月刊消防 2018年9月号 最新救急事情
心臓ポンプ説と胸郭ポンプ説
胸を押すとなぜ血流が発生するのか。
この理由として以前から2種類の説が唱えられている。一つは胸を押すことで心臓を直接押し縮める「心臓ポンプ説」であり、もう一つは胸を押すことで胸の中の圧力が上がり、それが心臓や大血管を締め付けるために血流が出る「胸郭ポンプ説」である。
この二つの説について、Hands only CPR(手だけの蘇生術)の提唱者として有名なEwy先生が自分の考えを述べている文章1)を発見したので、今回はこの論文を紹介する。
心臓ポンプ説(図1)と胸郭ポンプ説(図2)
図1
心臓ポンプ説
胸骨を押すと心臓が直接押されて大きくなったり小さくなったりするという説
図2
胸郭ポンプ説
胸骨を押すと胸腔と縦隔の圧力が上がり、それが心臓や大血管を縮めるので血液が押し出されるという説
胸骨を押せば心臓が押されるので、自己心拍と同じように血流が発生するという説は、1960年にKouwenhovenらによって提唱された2)。このKouwenhovenは世界で初めて閉胸式心臓マッサージ(現在の胸骨圧迫)を世の中に紹介した人として名高い先生である。
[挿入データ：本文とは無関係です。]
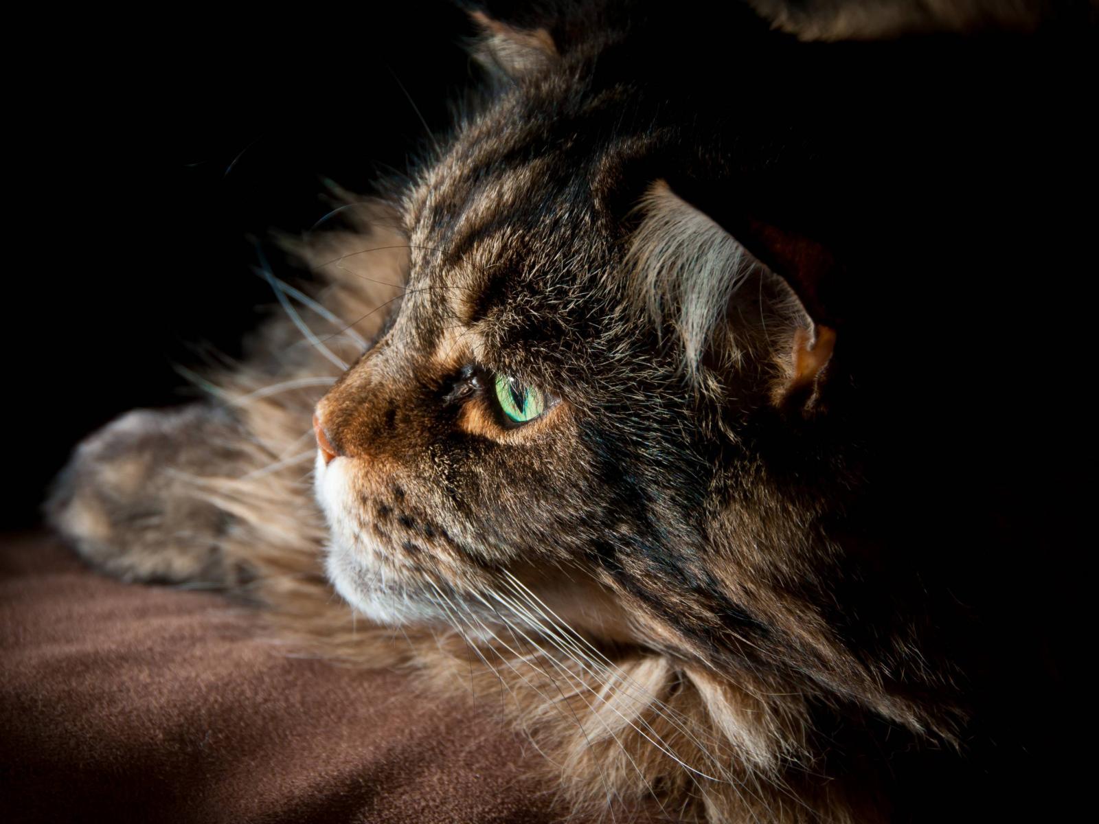 Обои Серьёзный кот мейн-кун с зелёными глазами

20年後の1986年、Halperinらは胸郭ポンプ説を唱えた3)。これは胸骨を押すことで胸郭内部の圧力が増し、この圧力が心臓や大血管を圧迫することで血流が発生するとするものである。
これら二つの説は、発表されてからずっと生き続けている。私は自分の著書の中で、胸郭ポンプ説が有力であると書いた4)。理由は
(1)集中治療室での経験では、胸のどこを押してもちゃんと血圧が出たこと
(2)心臓の位置はまちまちで、ガイドラインに則って胸を押すと多くの人は上行大動脈が押されることが既に明らかになっていること
の2点であり、これらの事実は胸郭ポンプ説でなければ血流が発生する理由が説明できない。
胸郭ポンプ説が優勢
Ewy先生も胸郭ポンプ説が優勢であるとしている。Halperinらのグループが明らかにしたのは、胸骨圧迫によって胸腔内圧が上昇し、その圧力が血管に伝わることである。だが、気道が開通している場合には、押された容量分が呼気として口から出てしまい、胸腔内の圧力が上昇しない可能性がある。この疑問については、胸骨圧迫によって瞬間的に上昇した圧力が末梢の気道を閉塞させ、胸腔内圧を高めるとしている。
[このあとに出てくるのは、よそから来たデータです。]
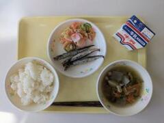 白ご飯、牛乳、きんぴらごぼう、シシャモフライ:、梅カツオあえ
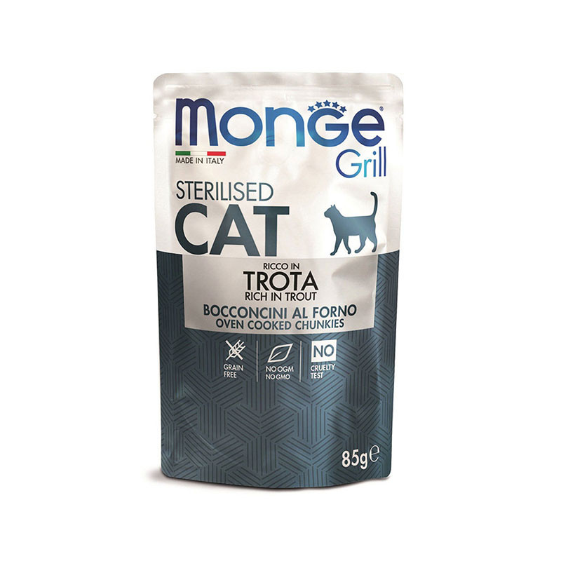 پوچ گربه بالغ مونژ مدل Monge Grill Sterilised با طعم ماهی قزلآلا وزن 85 گرم

現在市販されてる自動胸骨圧迫装置のうち、オートパルスは胸郭を締め付けるだけで心拍出血流が得られる。またヒトによる胸骨圧迫より高い胸腔内圧が得られることが実験で明らかとなっている。
若ければ心臓ポンプ、歳を取るほど胸郭ポンプ
リンク
単純に考えて、1つのポンプより2つのポンプがあった方が血流はよく回るはずである。Ewy先生の結論もそこにある。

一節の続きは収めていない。